Asian and European investors awoke to news that the Dow Jones Industrial Average in the United States dived 679 points Thursday to extend its losses so far this week to an awesome 17 percent.
The steep losses spooked equity holders, who in a knee-jerk reaction, jumped on a selling-spree at the opening bell. Within minutes of trading, Japan's benchmark Nikkei 225 stock average fell more than 10 percent, Korean stocks dropped 9 percent and the Hang Seng Index of Hong Kong declined more than 7 percent.
Several hours later in Europe, the FTSE 100 Index of England and Germany's DAX index fell as much as 10.2 percent shortly after trading started, while France's CAC 40 index witnessed the biggest fall since 1987, diving 9 percent.
The Shanghai market fared better, but sell-off pressure was heavy. The benchmark Shanghai Composite Index opened 3.8 percent lower at 1,995.96 points, breaching the psychologically important level of 2,000 points, which was significant to both regulators and investors. Two days after the mark was broken through last time, the State Council cut stock trading tax and promise share buybacks, sparking a huge rally.

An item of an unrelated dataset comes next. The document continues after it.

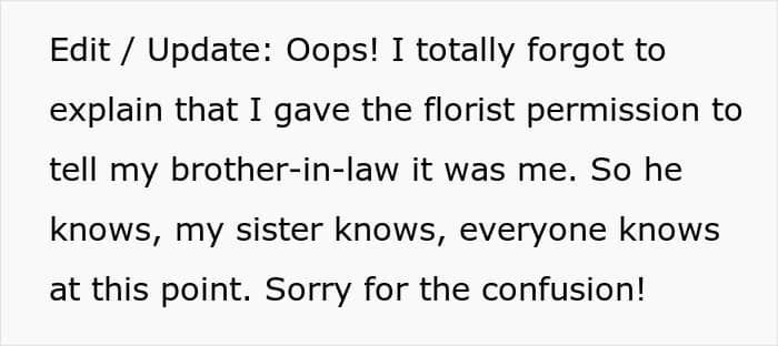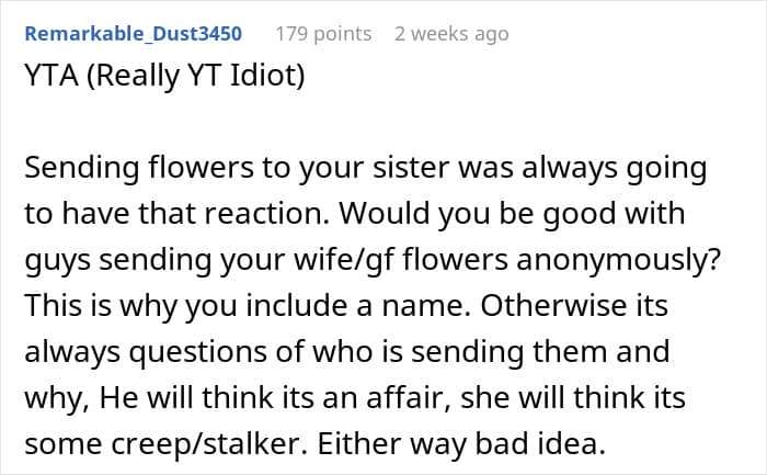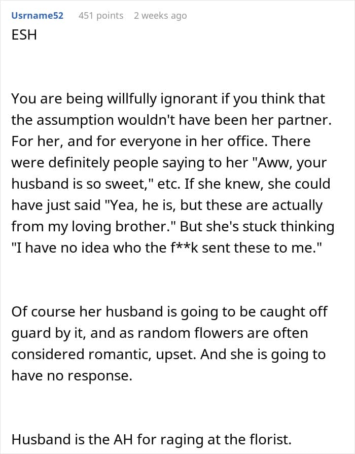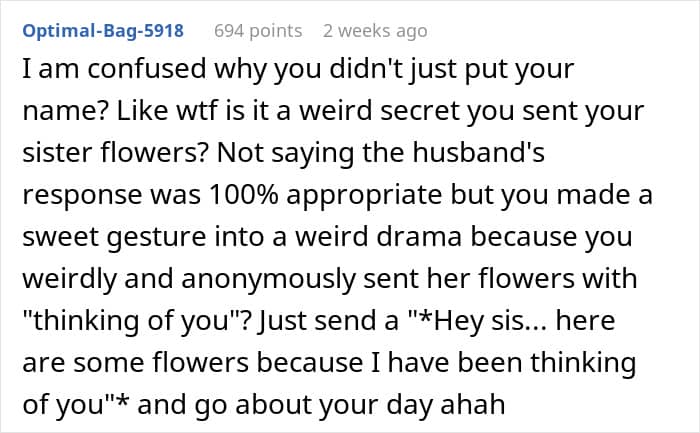 You’d think once the truth came out, that it was actually her brother who sent the flowers, it would be all smooth sailing, but nope. The sister, who was already feeling emotionally fragile, ended up fighting with her husband ever since the flower incident. So, our OP was left wondering if he should’ve just signed his name on the card to avoid the whole mess. His friends sure think so, and, to be honest, so do I.

The Shanghai gauge ended the day marginally above 2,000 points at 2,000.57, a loss of 3.57 percent over the previous close. The Nikkei 225 closed 9.62 percent lower, after plunging as much as 11 percent as a point. Hong Kong's HSI index was down 7.95 percent when the closing bell sounded.

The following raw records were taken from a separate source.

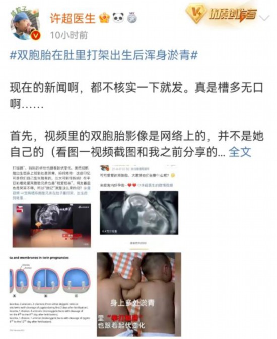 微博名為“許超醫生”的健康博主也在微博上用“槽多無口”來形容這則消息。他表示,雙胞胎在子宮里的動作基本都是無意識的,伸手伸腳并不是在打架,而且隔著羊膜囊又有羊水的緩沖,幾乎不會給對方造成“傷害”。
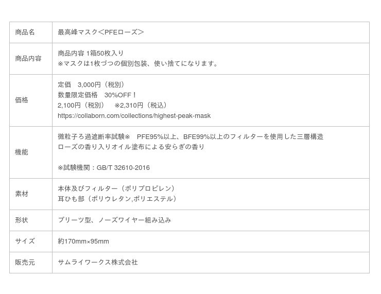 原価マスクや日本の技術の粋を集めた究極マスクを展開するサムライワークス株式会社(代表取締役社長:新島 実 本社所在地:東京都渋谷区)は、まだまだ続く猛暑で快適に感染予防を行ってもらう為に、1か月で累計300万枚販売の3層構造不織布マスクに高密度(PFE95%以上)のフィルターを採用し、更に甘く華やぐローズの香りで超リラックス!
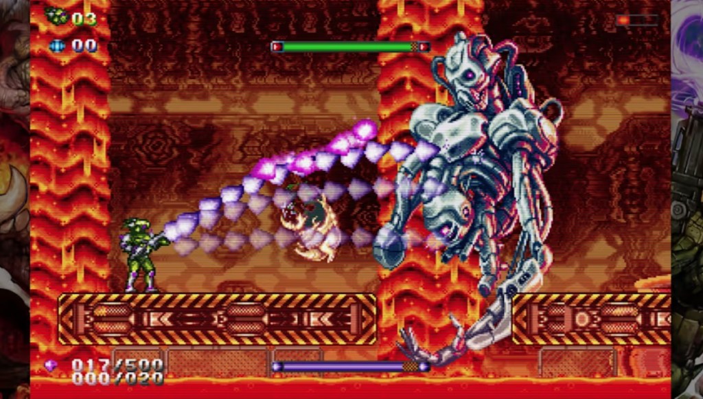 Gunlord is an Action-Platformer with some Shmup levels originally designed for the NEOGEO console, but put on hold during development, then ultimately finished and released on the Dreamcast in 2012. An upgraded version of the game dubbed Gunlord X was released on PlayStation 4 and Nintendo Switch in 2019. This game’s designers said they were inspired by the Turrican, Contra, and Metroid franchises, and this game bears some elements of all of those games.
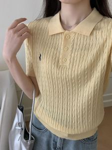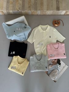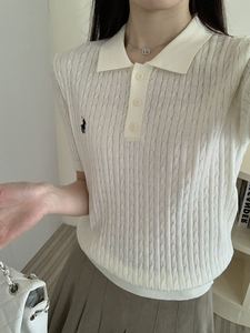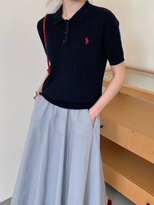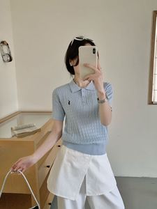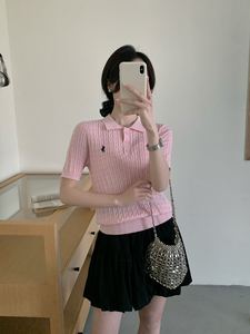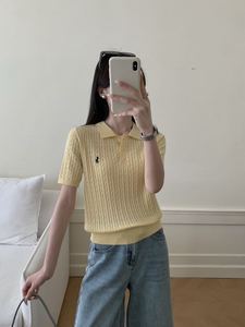 桑蚕丝+美丽诺羊毛短袖翻领气质薄款上衣女2025夏新款麻花针织衫
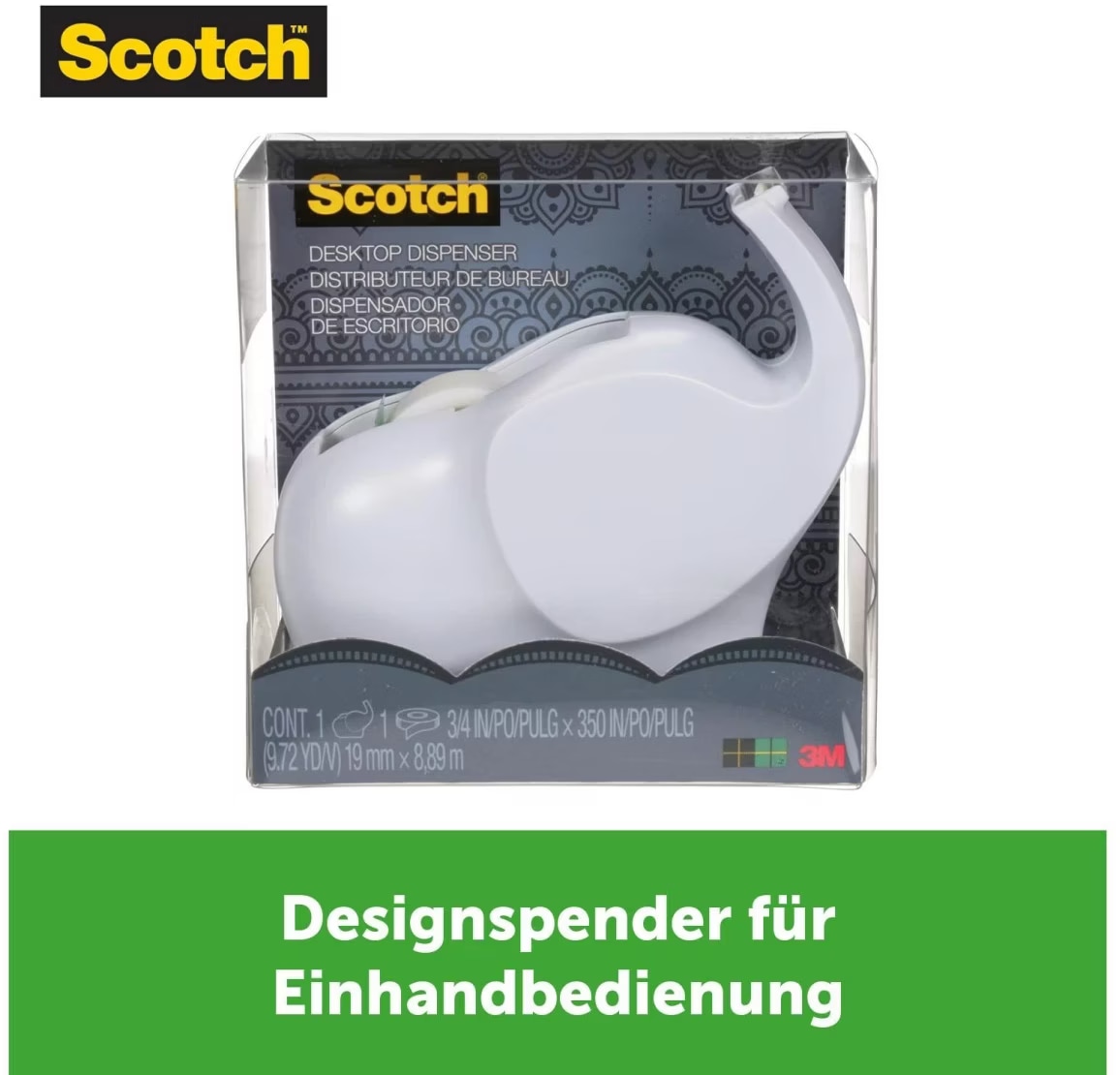 Niedlicher Scotch Tischabroller im Hasen-Design! Verfügbar in rosa oder schwarz - dekorativ für jeden Schreibtisch. Inklusive einer Rolle Scotch Magic Klebeband (19mm x 8.89m). Die rutschfeste, beschwerte Basis hält fest, sodass du das Klebeband easy mit einer Hand abreißen kannst. Das Ende findest du immer schnell - kein langes Suchen mehr! Einfach nachfüllbar: Passt für alle Scotch Klebebänder mit 2.54cm Kern-Durchmesser. Super für Bastler, Büro oder Kinderzimmer. Macht das Verpacken von Geschenken oder das Fixieren von Dokumenten zum Vergnügen. Ein lustiges Geschenk für alle, die praktische und stylische Schreibwaren lieben. Mit dem Scotch Quality-Versprechen - für jedes Problem die richtige Klebelösung!
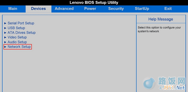 2、接着在“BIOS”面板中选定“Device”中的“Network Setup”选项;

Chinese investors seemed to get little comfort from another effort by the China Securities Regulatory Commission (CSRC) to prop up confidence.
The CSRC announced Thursday that listed firms must pay dividends in cash totaling no less than 30 percent of its distributed profits over the previous three years before submitting their refinancing applications.
The new measure could help encourage long-term investment and reduce market volatility, the CSRC said. Lack of cash dividends was blamed as one of the key culprits for high volatility in China's stock markets, where five-percent or more daily ups and downs are commonplace, as investors can only bank on share prices gains.
While beneficial to the long-term good of the stock market, the measure failed to address the immediate concerns of the crisis-preoccupied investors.
Investors feared the escalating financial crisis may prolong the economic difficulties of the US and Europe, two key export destinations for both China and other Asian economies.